Ronit looked lost in thought. “You started today’s session by asking me to confirm the time we would be finishing,” she said. “How did you feel about my offering you the option of a longer session today?”

Funny she should ask; I had about a billion feelings. I chose one.

“My initial reaction,” I said, “was to text you back and say, Oh no, that’s okay, I don’t need a longer session. But I waited a bit, and then I thought, Why deprive myself? Why not take you up on your offer? Given the commute, a longer session made sense.”

“So you delayed your response, and decided in favor of gratification,” Ronit said.

“I guess I’d already decided in favor of gratification,” I said. “You know, by texting you in the first place to see if I could come today instead of waiting for our usual Jerusalem appointment next week.”

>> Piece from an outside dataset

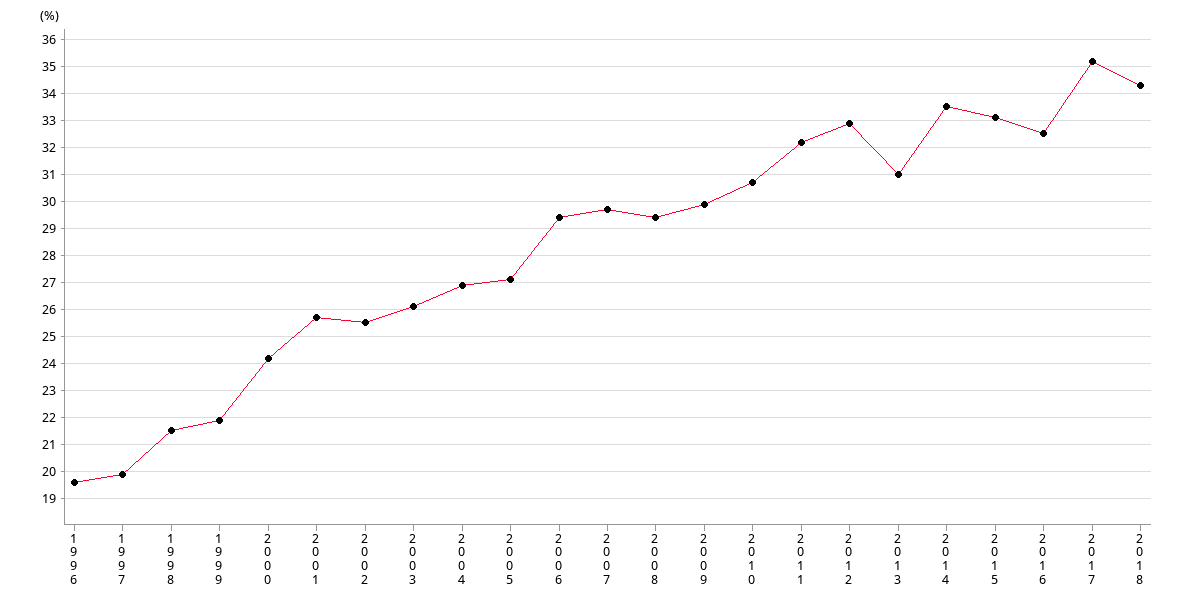 | 百分比 | 26.90 | 27.10 | 29.40 | 29.70 | 29.40 | 29.90 | 30.70 | 32.20 |

Something occurred to me then. Guilt. Oedipal victor guilt. The friend of mine who had discontinued therapy with a note and a check to her therapist had written to me a few days earlier to let me know that, just as predicted, she had never heard back from him; she knew he’d received the check because it had been cashed. She said she was happy with the way things turned out and wasn’t complaining, but she wanted me to see how different her experience was from mine. And now I felt guilty, like the favored child, because instead of letting me terminate on the countless occasions I had tried to, or threatened to, Ronit had not just let me go like that, and today had even offered me a longer session. Maybe it was my guilt over some sort of perceived favored status that was making me accuse her of being distant.

Or maybe it was something else.

“You know,” Ronit said, “you’re very sensitive to nuance.”

And then she went on to explain to me that, in retrospect, perhaps she had been bothered when I walked in that morning — not by me but by something that had happened a few minutes before my arrival. A colleague of hers had called to say that she wouldn’t be in today and that if Ronit wanted to, she could use her office. It was an office that Ronit preferred, and one she used often: it was farther away from all the construction work going on in the building, and had more of Ronit’s belongings in it. But at that moment she found herself struggling with the question of whether it was okay to suggest yet another change to me: first the move from Jerusalem to Tel Aviv, then the announcement that even this address would not be permanent, and now a within-office switch. I flashed back to my entrance that morning, how I had remembered from our previous meeting that I was to walk to the end of the hall and turn left. Perhaps at that moment Ronit had realized that the choice was no longer hers to make — perhaps she had considered taking her colleague up on her offer, but my swift and confident trek over to the original room had made that moot.

“Well, our time is up for today,” Ronit said.

The 75-minute meeting had flown by, hadn’t felt a minute over 50.

About the Author
Eve Horowitz is a freelance editor and writer living in Jerusalem. Her novel Plain Jane was published by Random House, New York, in 1992.